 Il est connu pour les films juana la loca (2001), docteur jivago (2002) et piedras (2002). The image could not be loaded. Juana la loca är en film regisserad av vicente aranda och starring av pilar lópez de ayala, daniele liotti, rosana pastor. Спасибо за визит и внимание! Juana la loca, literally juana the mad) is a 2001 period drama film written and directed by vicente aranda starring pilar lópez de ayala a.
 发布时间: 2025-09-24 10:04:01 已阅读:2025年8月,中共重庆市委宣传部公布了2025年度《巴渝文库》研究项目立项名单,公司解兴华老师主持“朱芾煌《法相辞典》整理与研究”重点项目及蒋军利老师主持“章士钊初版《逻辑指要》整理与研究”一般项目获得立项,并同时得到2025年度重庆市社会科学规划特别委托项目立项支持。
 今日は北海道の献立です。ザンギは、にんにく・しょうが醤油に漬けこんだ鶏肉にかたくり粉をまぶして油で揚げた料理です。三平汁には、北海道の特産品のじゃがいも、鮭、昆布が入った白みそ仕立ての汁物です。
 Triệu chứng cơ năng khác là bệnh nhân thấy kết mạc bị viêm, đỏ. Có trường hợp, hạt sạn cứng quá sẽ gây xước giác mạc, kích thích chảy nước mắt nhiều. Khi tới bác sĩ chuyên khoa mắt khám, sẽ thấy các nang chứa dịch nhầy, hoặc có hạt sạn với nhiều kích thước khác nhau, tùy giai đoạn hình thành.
...
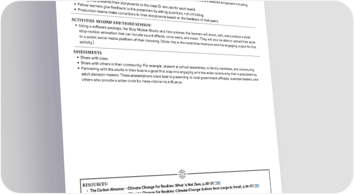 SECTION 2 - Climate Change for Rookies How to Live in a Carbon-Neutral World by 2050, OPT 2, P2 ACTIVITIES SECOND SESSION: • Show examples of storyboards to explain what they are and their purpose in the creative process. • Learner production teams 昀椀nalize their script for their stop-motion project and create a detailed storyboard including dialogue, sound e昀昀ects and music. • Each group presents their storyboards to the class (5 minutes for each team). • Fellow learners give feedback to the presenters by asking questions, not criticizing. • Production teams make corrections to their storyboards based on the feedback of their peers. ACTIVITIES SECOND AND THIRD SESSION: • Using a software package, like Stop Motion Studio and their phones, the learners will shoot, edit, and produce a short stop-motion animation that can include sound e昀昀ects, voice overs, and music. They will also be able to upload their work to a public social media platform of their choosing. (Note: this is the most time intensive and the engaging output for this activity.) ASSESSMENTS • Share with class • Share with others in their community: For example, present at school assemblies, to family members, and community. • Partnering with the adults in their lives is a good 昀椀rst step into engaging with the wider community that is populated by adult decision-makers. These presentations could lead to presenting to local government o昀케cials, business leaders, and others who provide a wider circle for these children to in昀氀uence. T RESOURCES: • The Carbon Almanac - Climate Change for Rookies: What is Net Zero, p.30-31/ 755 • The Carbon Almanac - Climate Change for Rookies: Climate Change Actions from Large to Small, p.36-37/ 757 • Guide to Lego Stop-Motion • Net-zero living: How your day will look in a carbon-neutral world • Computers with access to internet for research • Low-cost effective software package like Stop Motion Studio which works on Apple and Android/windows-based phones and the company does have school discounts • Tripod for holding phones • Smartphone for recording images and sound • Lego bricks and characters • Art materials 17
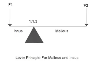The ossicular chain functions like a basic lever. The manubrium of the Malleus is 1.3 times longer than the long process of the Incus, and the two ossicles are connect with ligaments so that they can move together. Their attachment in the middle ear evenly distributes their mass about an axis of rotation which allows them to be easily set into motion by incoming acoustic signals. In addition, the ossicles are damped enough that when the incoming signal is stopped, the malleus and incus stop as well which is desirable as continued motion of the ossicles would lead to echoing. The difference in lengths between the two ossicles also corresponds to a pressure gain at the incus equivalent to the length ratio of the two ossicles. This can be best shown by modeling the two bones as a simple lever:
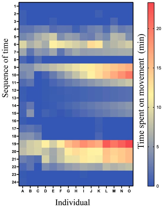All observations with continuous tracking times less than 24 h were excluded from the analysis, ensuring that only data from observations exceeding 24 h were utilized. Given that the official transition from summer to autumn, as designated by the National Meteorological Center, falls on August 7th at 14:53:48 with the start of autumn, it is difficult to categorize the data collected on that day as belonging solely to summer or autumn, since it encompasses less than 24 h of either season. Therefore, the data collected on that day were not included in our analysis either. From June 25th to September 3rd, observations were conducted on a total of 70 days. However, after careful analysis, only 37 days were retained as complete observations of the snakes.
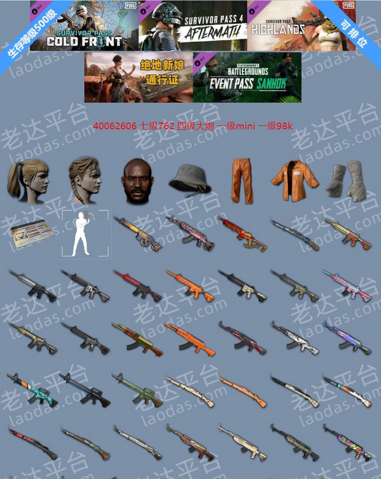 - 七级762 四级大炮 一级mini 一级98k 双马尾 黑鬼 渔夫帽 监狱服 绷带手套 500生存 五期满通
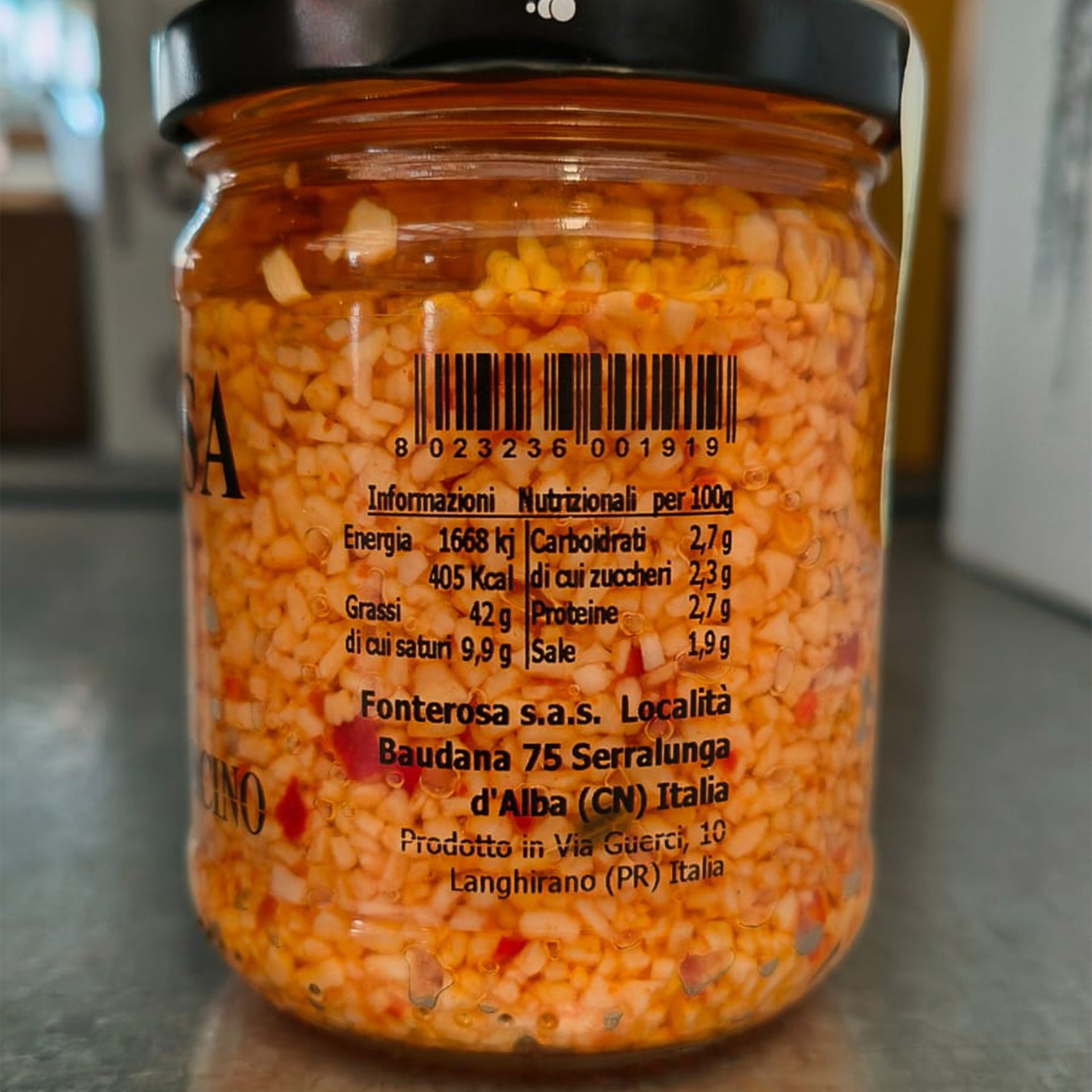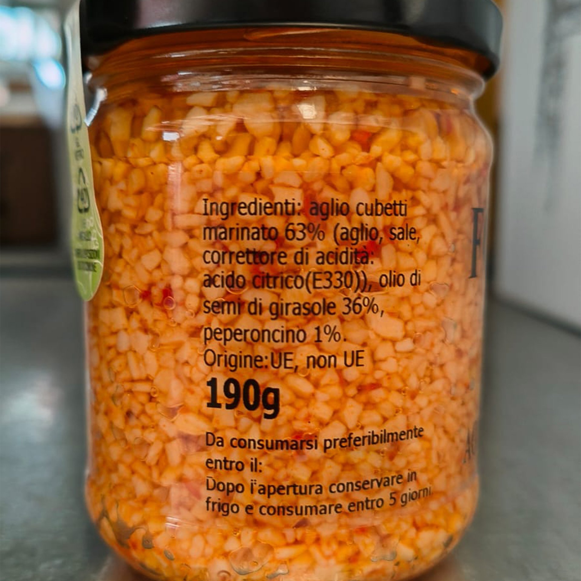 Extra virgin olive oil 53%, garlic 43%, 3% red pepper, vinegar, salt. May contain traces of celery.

== WHAT NEEDS TO BE DONE ==
Of the entries above, transcribe exactly those lines that fall between the line containing "Il est connu" and the line containing "今日は北海道の献立です。ザン", together with those two lines.

== SOLVED EXERCISE ==
 Il est connu pour les films juana la loca (2001), docteur jivago (2002) et piedras (2002). The image could not be loaded. Juana la loca är en film regisserad av vicente aranda och starring av pilar lópez de ayala, daniele liotti, rosana pastor. Спасибо за визит и внимание! Juana la loca, literally juana the mad) is a 2001 period drama film written and directed by vicente aranda starring pilar lópez de ayala a.
 发布时间: 2025-09-24 10:04:01 已阅读:2025年8月,中共重庆市委宣传部公布了2025年度《巴渝文库》研究项目立项名单,公司解兴华老师主持“朱芾煌《法相辞典》整理与研究”重点项目及蒋军利老师主持“章士钊初版《逻辑指要》整理与研究”一般项目获得立项,并同时得到2025年度重庆市社会科学规划特别委托项目立项支持。
 今日は北海道の献立です。ザンギは、にんにく・しょうが醤油に漬けこんだ鶏肉にかたくり粉をまぶして油で揚げた料理です。三平汁には、北海道の特産品のじゃがいも、鮭、昆布が入った白みそ仕立ての汁物です。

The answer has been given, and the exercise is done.